[Requirement]
Only the pictures stay out; every record is to be quoted exactly.

Source data:
------------------------------------------------------------
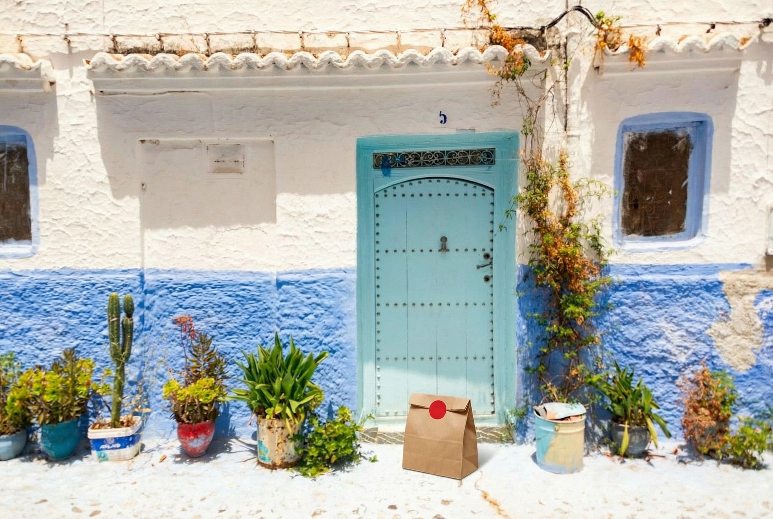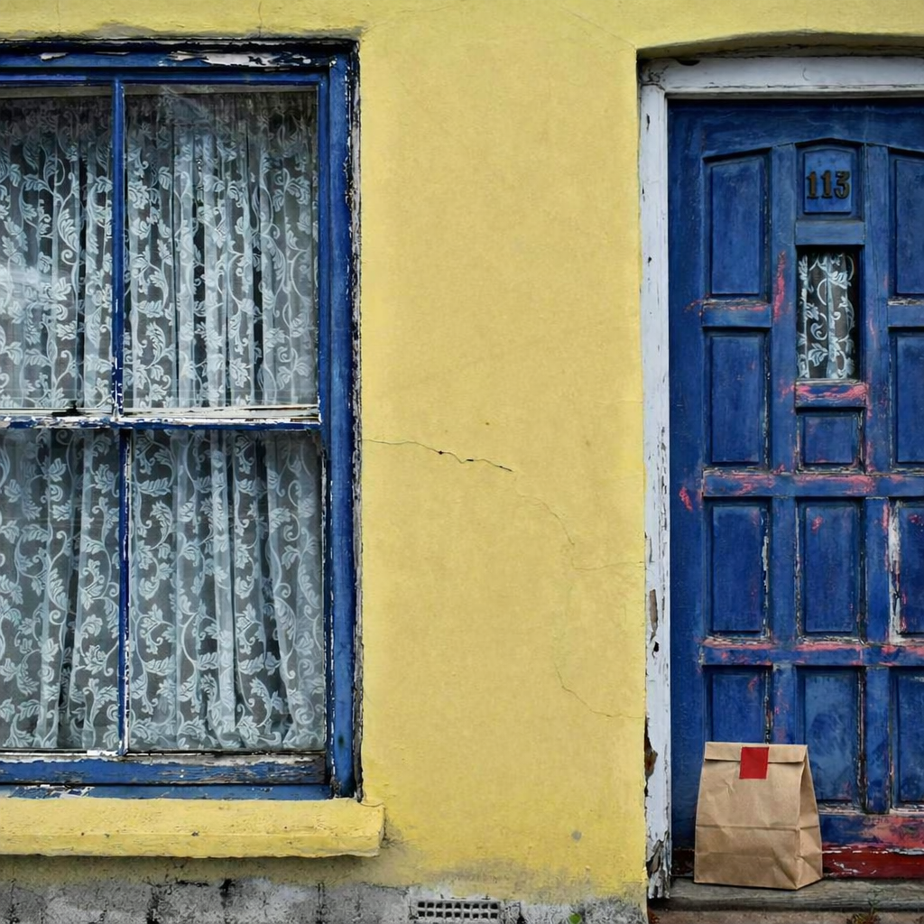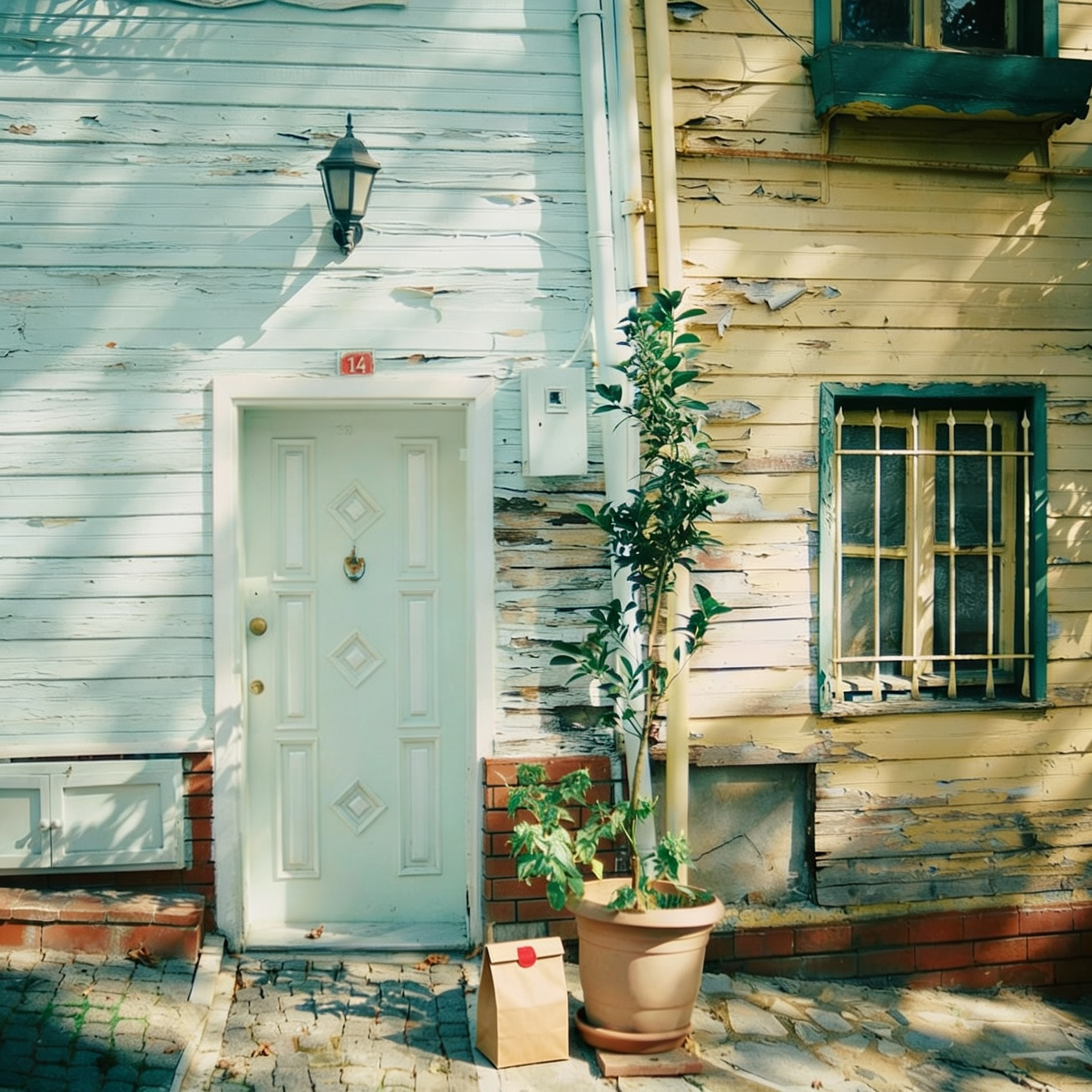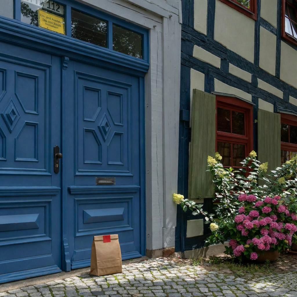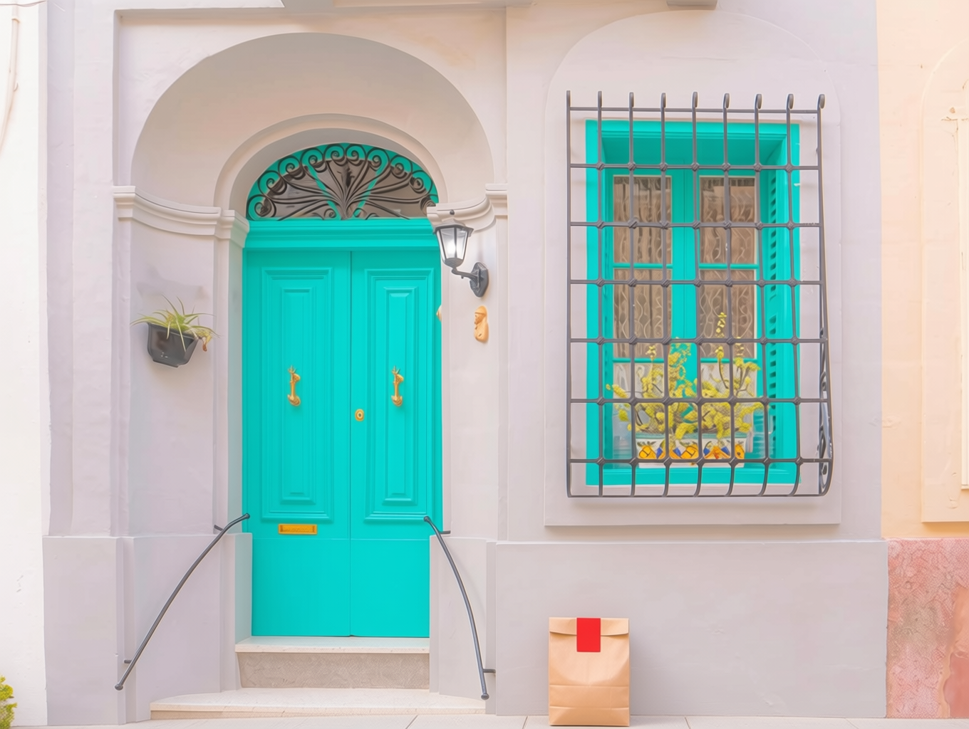 “In this existing photo, add a food delivery paper bag on the ground right in front of the door. The bag should be a small brown paper bag with a solid plain red sticker on the top keeping it closed. Preserve existing photo style and lighting as much as possible.”
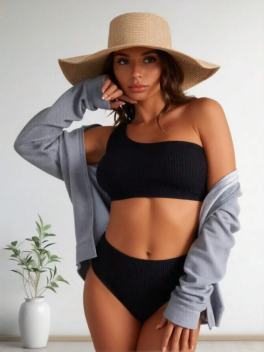 Briza|Women's Black One-Shoulder High Waisted Bikini Set - Textured Ribbed 2 Piece Swimsuit, Tummy Control Cheeky Bathing Suits For Summer Beach & Pool
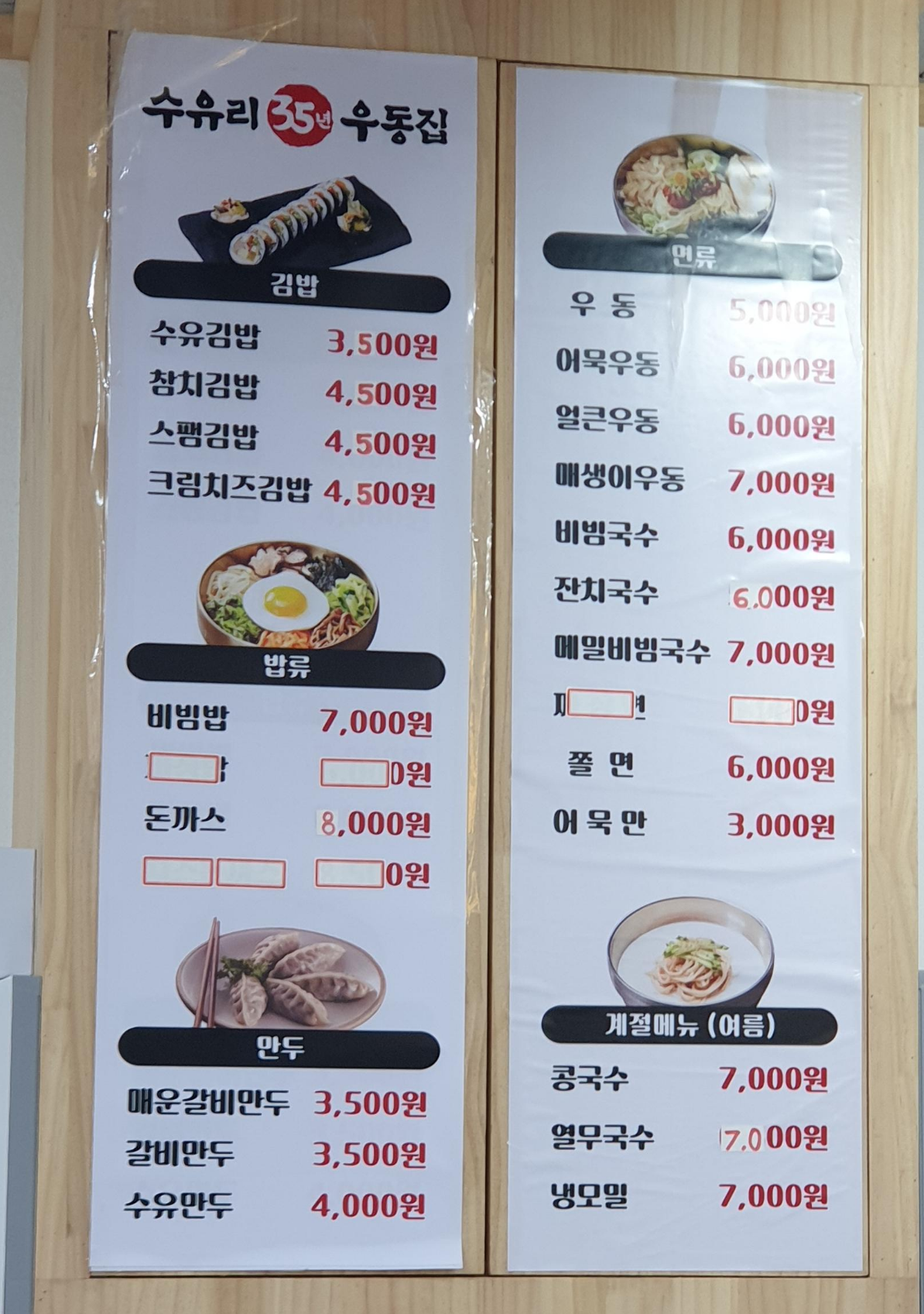 저는 얼큰우동(6,000원)과 수유 만두(4,000원)를 주문했습니다.
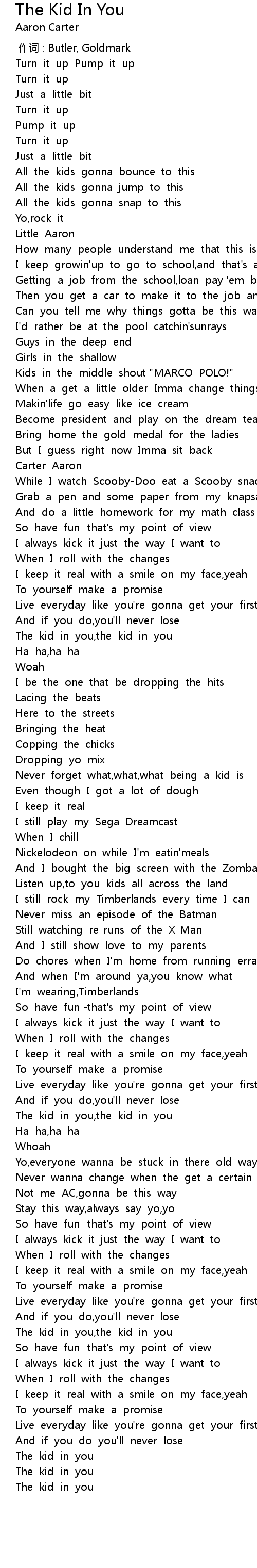 | [03:00.197] | The kid in you,the kid in you |
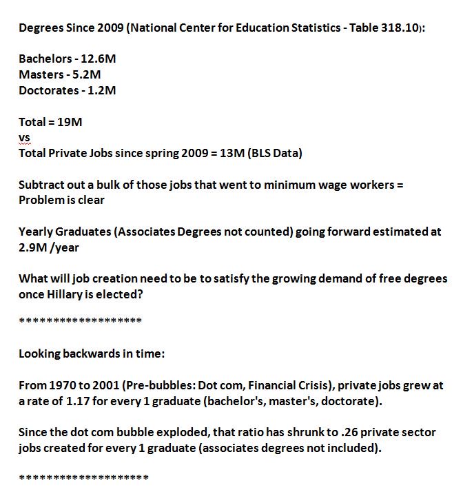 1970 to 2001 (pre-bubbles) Jobs to Graduates Ratio was 1.17 Since then the ratio is .26
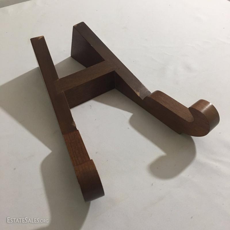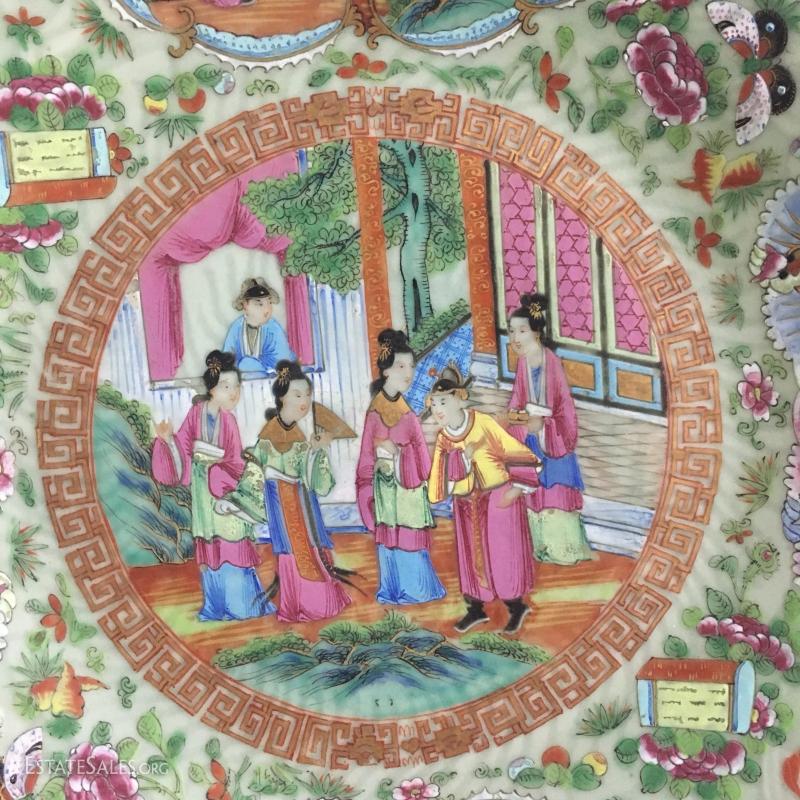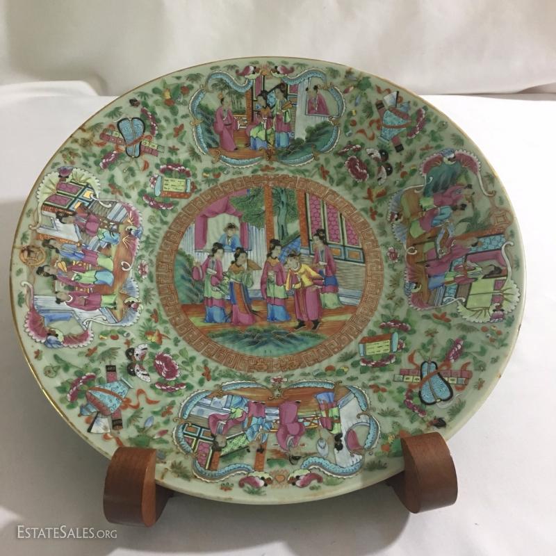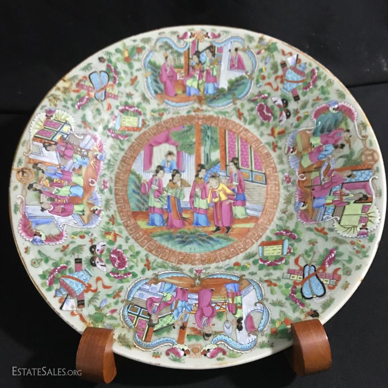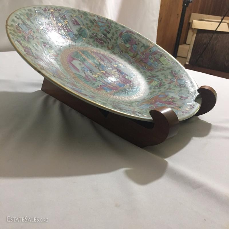 Asian plate with stand. No markings on back. Slight gold fading around rim of plate. 13.5" diameter. wood stand is unique and seems custom to this bowl. Great display piece.
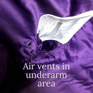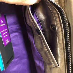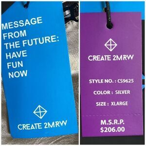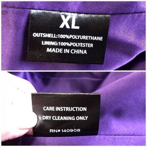 This jacket is fire! 🔥 Not only is it super cool, but it's made so incredibly well and with so many details. This is CREATE 2MRW's 82 C'est La Vie Silver Faux Leather Biker Jacket in men's size XL. This faux leather biker jacket has a 2-snap button-closure collar strap, 3 zippered pockets in the front, inside chest pocket with snap closure and elbow patches. Cool pleated detail on shoulders and back, quilted hem on back. It's a full-zip jacket with vibrant purple sateen lining (100% polyester). #82 on left front chest. Zippered detail on the sleeves. "C'est La Fu3king Vie" (such is life or that's life) in large abstract letters on the back. The pit-to-pit measurement is 24", the length is 28" and the sleeves are 27". MSRP $206. Dry clean only on this awesome jacket!
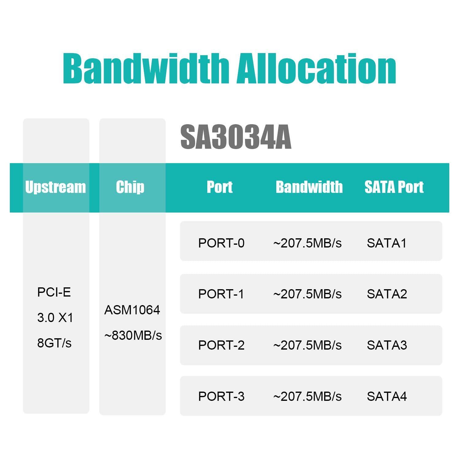 帯域幅の割り当て :ASM1064に基づき、アップストリームはPCI-Express 3.0 X1スピード(8GT/秒)、ダウンストリームは各SATAポートで最大207.5MB/秒の帯域幅を確保。
------------------------------------------------------------
[Solution to this problem]
 “In this existing photo, add a food delivery paper bag on the ground right in front of the door. The bag should be a small brown paper bag with a solid plain red sticker on the top keeping it closed. Preserve existing photo style and lighting as much as possible.”
 Briza|Women's Black One-Shoulder High Waisted Bikini Set - Textured Ribbed 2 Piece Swimsuit, Tummy Control Cheeky Bathing Suits For Summer Beach & Pool
 저는 얼큰우동(6,000원)과 수유 만두(4,000원)를 주문했습니다.
 | [03:00.197] | The kid in you,the kid in you |
 1970 to 2001 (pre-bubbles) Jobs to Graduates Ratio was 1.17 Since then the ratio is .26
 Asian plate with stand. No markings on back. Slight gold fading around rim of plate. 13.5" diameter. wood stand is unique and seems custom to this bowl. Great display piece.
 This jacket is fire! 🔥 Not only is it super cool, but it's made so incredibly well and with so many details. This is CREATE 2MRW's 82 C'est La Vie Silver Faux Leather Biker Jacket in men's size XL. This faux leather biker jacket has a 2-snap button-closure collar strap, 3 zippered pockets in the front, inside chest pocket with snap closure and elbow patches. Cool pleated detail on shoulders and back, quilted hem on back. It's a full-zip jacket with vibrant purple sateen lining (100% polyester). #82 on left front chest. Zippered detail on the sleeves. "C'est La Fu3king Vie" (such is life or that's life) in large abstract letters on the back. The pit-to-pit measurement is 24", the length is 28" and the sleeves are 27". MSRP $206. Dry clean only on this awesome jacket!
 帯域幅の割り当て :ASM1064に基づき、アップストリームはPCI-Express 3.0 X1スピード(8GT/秒)、ダウンストリームは各SATAポートで最大207.5MB/秒の帯域幅を確保。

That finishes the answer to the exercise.